KPMG Peat Marwick (Joseph I. Loonan, of counsel), New York City, for third party plaintiff.

Davis, Markel & Edwards (Thomas J. Sweeney, III, of counsel), New York City, for third party plaintiff Peat Marwick Main & Co.

MEMORANDUM AND ORDER

NICKERSON, District Judge.

This consolidated action was the subject of a Memorandum and Order, dated December 30, 1988, published Bernstein v. Crazy Eddie, Inc., 702 F.Supp. 962 (E.D.N. Y.1988), vacated in part on other grounds, 714 F.Supp. 1285 (E.D.N.Y.1989), familiarity with which is assumed.

The present matter concerns the claims of the shareholder plaintiffs (plaintiffs) against Peat Marwick Main & Co. (Peat Marwick), and its third party claims against others.

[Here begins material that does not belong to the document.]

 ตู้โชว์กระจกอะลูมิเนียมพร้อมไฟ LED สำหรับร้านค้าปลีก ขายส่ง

Plaintiffs' claims against Peat Marwick allege violations of Section 11 of the Securities Act of 1933, 15 U.S.C. § 77a et seq. (1982 & Supp. IV 1986) (the Securities Act), Section 10(b) of the Securities Exchange Act of 1934, 15 U.S.C. § 78a et seq. (1982 & Supp. IV 1986) (the Exchange Act), and common law fraud and negligent misrepresentation. The claims assert deficiencies in Peat Marwick's audits of Crazy Eddie's audited financial statements in 1984, 1985 and 1986 and Peat Marwick's participation in the preparation of allegedly misleading securities offering registration statements in 1985 and 1986.

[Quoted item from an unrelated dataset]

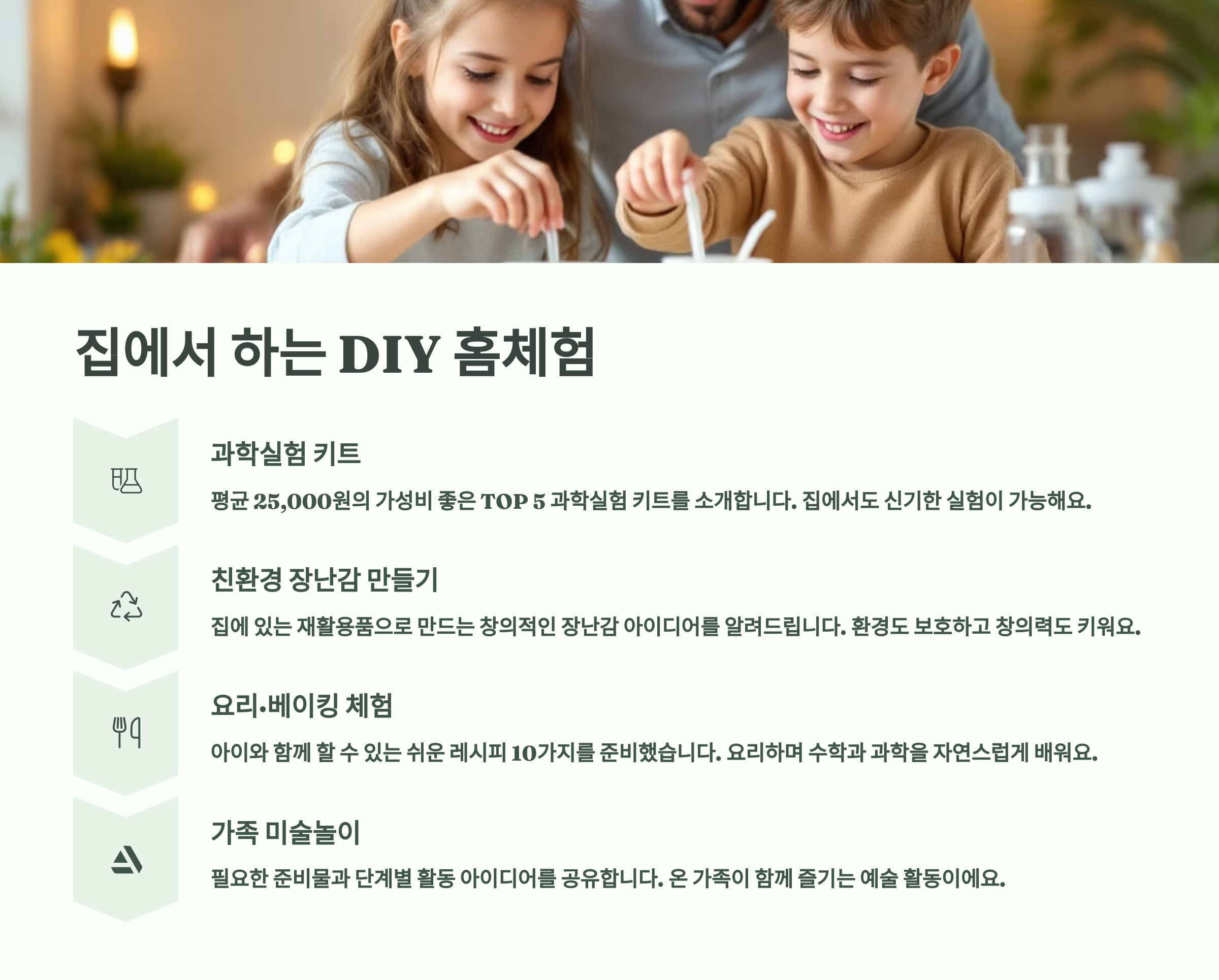 다음은 📚 집에서 하는 DIY 홈체험 밖에 나가지 않고도! 집 안에서 창의력과 감각을 키울 수 있는 활동 알려줄게요! 🏠🎨

Peat Marwick thereafter served and filed a third party complaint against Oppenheimer-Palmieri Fund, L.P., (the Fund), the Palmieri Company, Victor Palmieri, Entertainment Marketing, Inc., and Elias Zinn for indemnification, contribution under federal and state law. The Fund, Victor Palmieri and the Palmieri Company (third party defendants) move to dismiss the Complaint for failure to state a claim.

The first count of the third party complaint alleges, in substance, the following. Upon taking control of Crazy Eddie, Inc. (Crazy Eddie), on November 6, 1987, third party defendants failed to amend, correct or modify the misrepresentations contained in Crazy Eddie's documents serving as a predicate for the plaintiffs' claims. Those claims allege that plaintiffs continued to be misled by false and misleading information relating to the financial statements of Crazy Eddie through January 18, 1988, after third party defendants took control. As a result of the third party defendants' conduct, Peat Marwick has been named as defendant in this and other actions, incurring expenses in defending against suits, and possibly requiring the payment of damages to the plaintiffs. It is therefore entitled to indemnification or contribution.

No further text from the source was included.